Now the magic began -- the first rise, the source of all flavor -- and luckily it was a chilly night. Why was that important? Because I let my sourdoughs rise in an unheated basement storage room that is about 55F. That's the perfect temperature for a languid fermentation, when the sugars in the bread develop. Bakers buy proofing cabinets that cost thousands of dollars to get this temperature with refrigeration. My solution was less precise, but it worked fine. The genzano and baguette doughs rose in the refrigerator, since they contained instant yeast as well as sourdough and I wanted a slower fermentation.

At 7 the next morning, I took the pain au levain dough out and let it warm up for about an hour. I then shaped three boules, letting them rise for 2-1/2 hours. In the meantime, I heated up the baking stones in my double-oven. Then I repeated this with the Genzano loaf, about an hour later, and then the baguette. 

The rise went well, full of oven spring. I attribute that to the levain, which you'll recall had built over a 52-hour period with successive refreshments, including the last one in the dough. (Pictured below are the pane casareccio di Genzano - Genzano Country Bread).

Pane di Genzano

I finished baking at about 2 p.m. and let the breads cool, then delivered the loaves for the dinner. Jean-Pierre Moullé, the chef at Chez Panisse, was there to greet me. We talked briefly about the breads and I mentioned I was a home baker, not a professional.

"I know, but you did not bake these at home," he said.

"Yes, I did," I countered -- and I noticed his eyebrow rise a bit.

Later that evening, at a party preceding the dinner, Alice Waters took me aside, bread lover that she is, and thanked me warmly. It was a nice moment.

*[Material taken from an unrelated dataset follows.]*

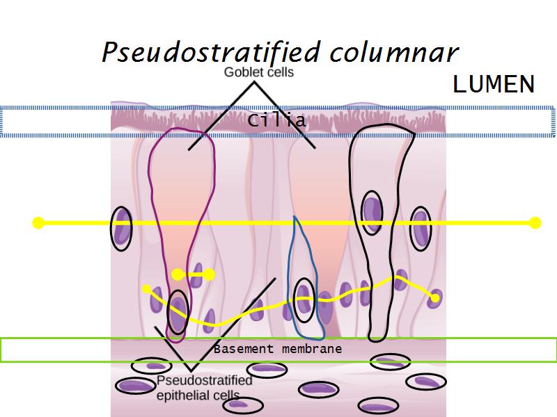 - Pseudostratified ciliated columnar epithelium: Slide 73

For a home baker, there's always the moment of anticipation when the bread comes out of the oven and you wait for it to cool before tearing into it. Alas, with these loaves, I didn't get a chance to cut into them, to evaluate the flavor and aromas or assess the interior crumb or the density of the crust -- all crucial to a decent loaf. But I trust they were fine. 

The thing is, I don't bake for a living. There is no daily pressure, no waking at 1 a.m. to get to the ovens, no staff, no orders. It's just me and the bread. And until yesterday, I've only given my breads away to friends. Now I've donated them for a worthwhile cause. Maybe I've just widened the circle of people who eat my bread. And that's just fine.